— Required action —
Line by line, retype the material exactly and leave each picture out.

— Records for processing —
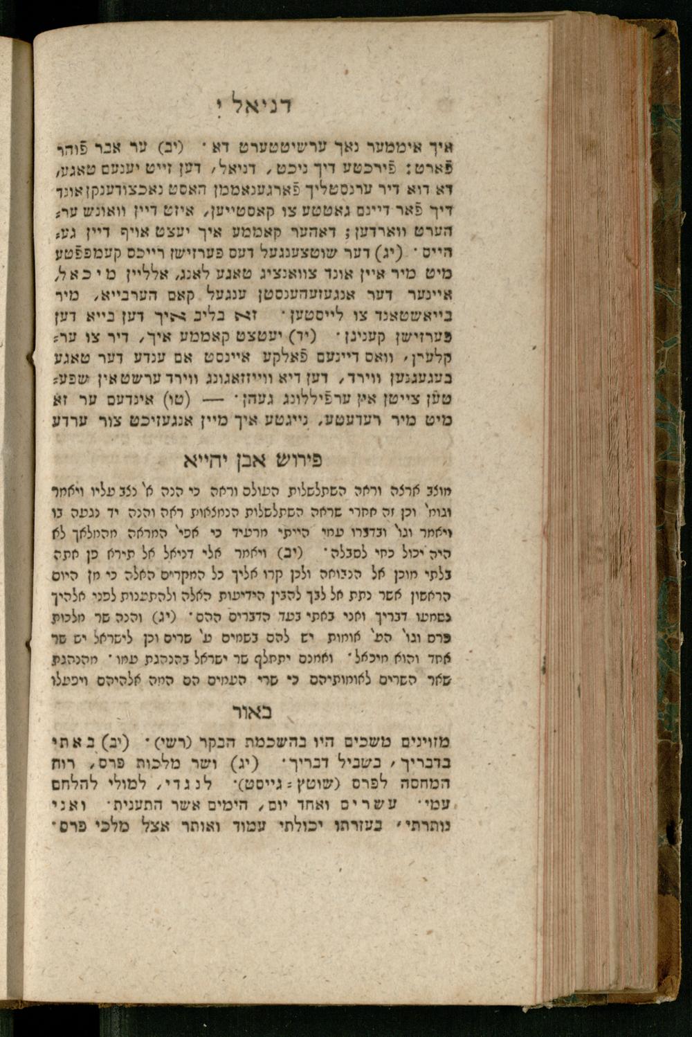 Sefer Daniʾel : meturgam bi-leshon Ashkenazi / me-et Ṿolf ben Yosef u-mevoʾar me-et Mosheh ben Uri Feivesh ṿe-nilṿeh elaṿ perush ha-Rav Ibn Yaḥyaספר דניאל : מתורגם בלשון אשכנזי / מאת וואלף בן יוסף ומבואר מאת משה בן אורי פייבש ונלוה אליו פירוש הרב אבן יחייא
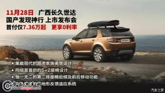 11月28日,廣西長(zhǎng)久世達(dá)捷豹路虎誠(chéng)邀您參與全能全地形豪華SUV路虎發(fā)現(xiàn)神行上市發(fā)布會(huì),首付7.36萬(wàn)起,金融按揭可節(jié)省4.7萬(wàn)元,捷豹路虎輕松開(kāi)回家!詳詢廣西長(zhǎng)久世達(dá)捷豹路虎,0771-3361111 ,南寧南站大道9號(hào)。
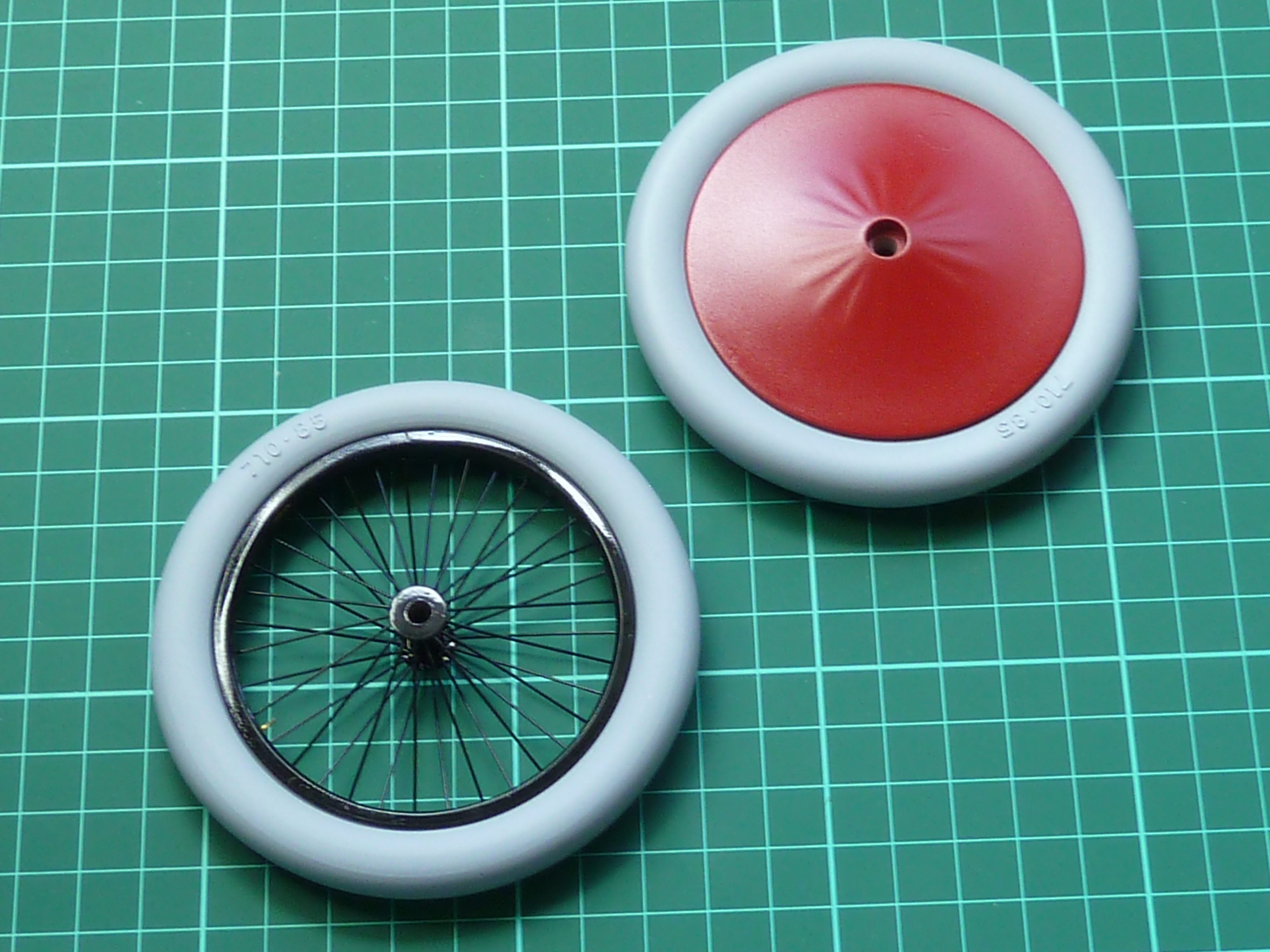 I’ve made the wheels with the spokes emerging radially, whereas I’ve noticed that quite a few other modellers have them at an angle or even tangential to the hub. Both may be correct as it’s quite possible different wheels were used during the manufacturing run. However, my design is based on a photograph in Paul Leaman’s book, Fokker Dr.1 Triplane: A World War One Legend, of what is reputed to be an original unrestored Dr.1 wheel. One slight modification I did make though, was to change the number of spokes from 40 to 36. It makes marking out an awful lot easier and I doubt many will notice…
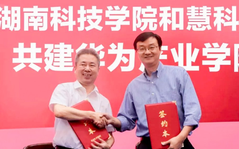 研讨会上, 曾宝成与慧科集团总裁王浩共同签定开展深度校企合作协议,共建“华为产业学院”,共同培养大数据、物联网、人工智能等新兴技术人才。双方共建的华为产业学院将于今年9月迎来首届大数据专业新生,这也将是湖南省本科院校的第一批真正意义上的产教融合联合培养的新工科专业学生。
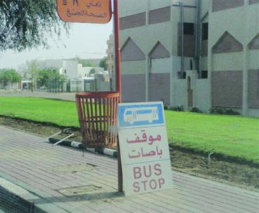 سقطت لافتة مكتوب عليها، موقف باص، على الرصيف في أحد شوارع منطقة الكويتات في العين، ووضعها أحد الأشخاص بجوار سلة نفايات، ولكن وجودها بهذه الطريقة لايفيد الركاب الذين يرغبون في صعود الباص، إضافة إلى تشويه المنظر الحضاري والجمالي للمكان، ولم تتدخل الجهات المعنية لإصلاحها منذ أسابيع.
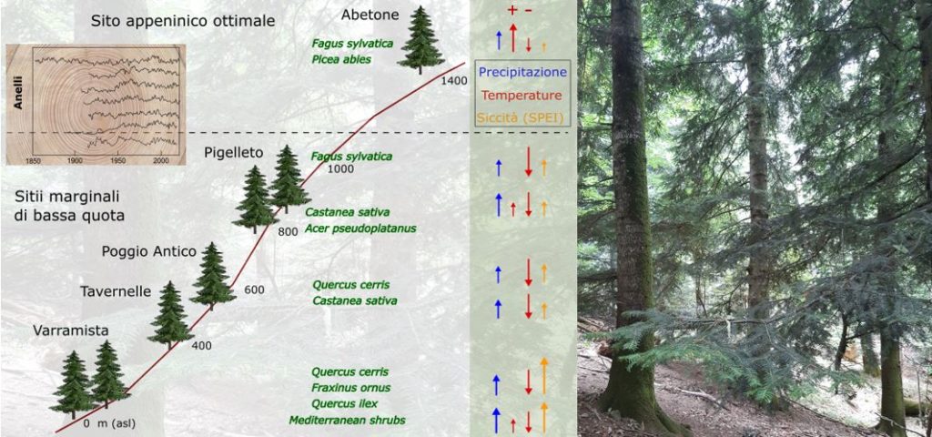 immediati, sia nel lungo termine (pluriennale), attraverso un effetto cumulativo delle condizioni climatiche pregresse, come il susseguirsi di annate siccitose o di eventi piovosi che incidono sulla disponibilità idrica del suolo anche in profondità. In ambiente mediterraneo, questo risultato è emerso anche per altre specie arboree, evidenziando il ruolo significativo delle condizioni climatiche pregresse come fattore limitante la crescita. Al contrario, l’abete bianco nel sito appenninico più fresco e umido risente meno della siccità e degli effetti climatici degli anni passati.

— Answer space —
 Sefer Daniʾel : meturgam bi-leshon Ashkenazi / me-et Ṿolf ben Yosef u-mevoʾar me-et Mosheh ben Uri Feivesh ṿe-nilṿeh elaṿ perush ha-Rav Ibn Yaḥyaספר דניאל : מתורגם בלשון אשכנזי / מאת וואלף בן יוסף ומבואר מאת משה בן אורי פייבש ונלוה אליו פירוש הרב אבן יחייא
 11月28日,廣西長(zhǎng)久世達(dá)捷豹路虎誠(chéng)邀您參與全能全地形豪華SUV路虎發(fā)現(xiàn)神行上市發(fā)布會(huì),首付7.36萬(wàn)起,金融按揭可節(jié)省4.7萬(wàn)元,捷豹路虎輕松開(kāi)回家!詳詢廣西長(zhǎng)久世達(dá)捷豹路虎,0771-3361111 ,南寧南站大道9號(hào)。
 I’ve made the wheels with the spokes emerging radially, whereas I’ve noticed that quite a few other modellers have them at an angle or even tangential to the hub. Both may be correct as it’s quite possible different wheels were used during the manufacturing run. However, my design is based on a photograph in Paul Leaman’s book, Fokker Dr.1 Triplane: A World War One Legend, of what is reputed to be an original unrestored Dr.1 wheel. One slight modification I did make though, was to change the number of spokes from 40 to 36. It makes marking out an awful lot easier and I doubt many will notice…
 研讨会上, 曾宝成与慧科集团总裁王浩共同签定开展深度校企合作协议,共建“华为产业学院”,共同培养大数据、物联网、人工智能等新兴技术人才。双方共建的华为产业学院将于今年9月迎来首届大数据专业新生,这也将是湖南省本科院校的第一批真正意义上的产教融合联合培养的新工科专业学生。
 سقطت لافتة مكتوب عليها، موقف باص، على الرصيف في أحد شوارع منطقة الكويتات في العين، ووضعها أحد الأشخاص بجوار سلة نفايات، ولكن وجودها بهذه الطريقة لايفيد الركاب الذين يرغبون في صعود الباص، إضافة إلى تشويه المنظر الحضاري والجمالي للمكان، ولم تتدخل الجهات المعنية لإصلاحها منذ أسابيع.
 immediati, sia nel lungo termine (pluriennale), attraverso un effetto cumulativo delle condizioni climatiche pregresse, come il susseguirsi di annate siccitose o di eventi piovosi che incidono sulla disponibilità idrica del suolo anche in profondità. In ambiente mediterraneo, questo risultato è emerso anche per altre specie arboree, evidenziando il ruolo significativo delle condizioni climatiche pregresse come fattore limitante la crescita. Al contrario, l’abete bianco nel sito appenninico più fresco e umido risente meno della siccità e degli effetti climatici degli anni passati.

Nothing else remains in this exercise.